Five major clusters and fast-evolving sites on SARS-COV-2 proteins
"Our phylogenetic analysis shows that the genetic diversity of SARS-COV-2 is relatively low during this early stage of the epidemic, the viral genome is largely stable and the virus did not evolve rapidly after its emergence in humans", study authors emphasize their main findings.
Akin to the previous observations, the researchers identified five major clusters in the phylogenetic tree by using full genomes. Each of those five clusters was characterized by its own mutations that may serve as targets for fast genotyping of samples from patients.
Moreover, this study identified and specified the geographic and temporal patterns of high-frequency mutations.
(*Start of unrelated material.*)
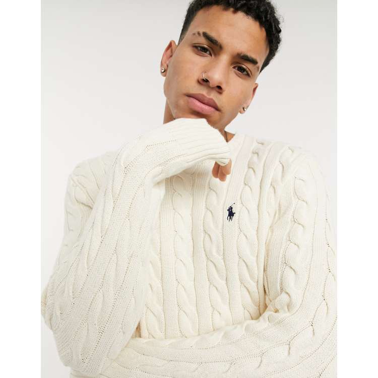 White cotton cable knit new arrivals sweater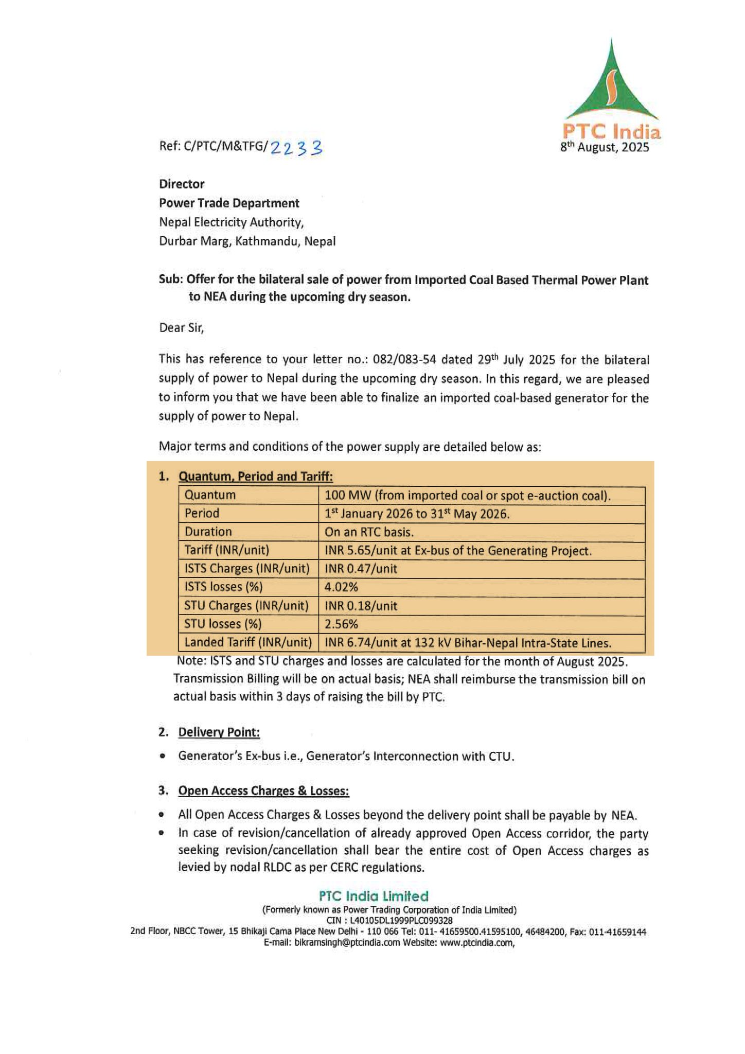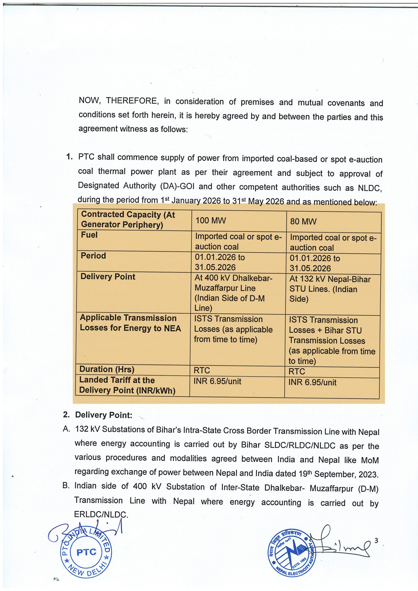 सम्झौता अनुसार नेपालले आगामी जनवरीदेखि मेसम्म भारतबाट १ सय ८० मेगावाट विद्युत् आयात गर्नेछ। तर, सम्झौतामा ढल्केबर–मुजफ्फरपुर ४०० केभी लाइनबाट आउने बिजुलीमा लागू नहुने राज्य प्रसारण शुल्क र चुहावट पनि जोडिएको छ, जसले अनावश्यक रूपमा प्राधिकरणलाई घाटा पुर्याएको छ।

A total of eleven residues (denoting high-frequency substitutions) were characterized, with four of them showing possible positive selection.
More specifically, fast-evolving sites were found in the non-structural proteins (i.e., 3CL-protease, polymerase, and helicase), accessory proteins, as well as in the structural proteins N and S. The additional structural analysis placed mutations on the surface of the proteins known to modulate biochemical properties.
"In summary, our study revealed that in the early large genome of SARS-CoV-2, only a few amino acids are exchanged, and hence the selection pressure is low", recapitulate study authors in their bioRxiv paper.
Fine-tuning the adaptive strategy
Taking everything into account, this study has implications for designing both fundamental and clinical experiments to appraise whether any salient properties of SARS-CoV-2 have actually changed during the pandemic
A large number of viral sequences have resulted in an analysis pipeline for tracking potential adaptive mutations in SARS-CoV-2. Whether any of them can modify clinical properties of SARS-CoV-2 (most notably replication rate, transmissibility, cell tropism or pathogenicity) warrants further scrutiny.
And since there are essentially no exchanges in the receptor-binding domain of the spike protein and other epitopes recognized by neutralizing antibodies, there is currently no evidence that SARS-CoV-2 can adapt to improve receptor binding or to escape from the adaptive immune response.
Still, the evolution of SARS-CoV-2 should be followed meticulously during the ongoing pandemic in order to observe whether the virus is fine-tuning its adaptive strategy towards the human cell.
bioRxiv publishes preliminary scientific reports that are not peer-reviewed and, therefore, should not be regarded as conclusive, guide clinical practice/health-related behavior, or treated as established information.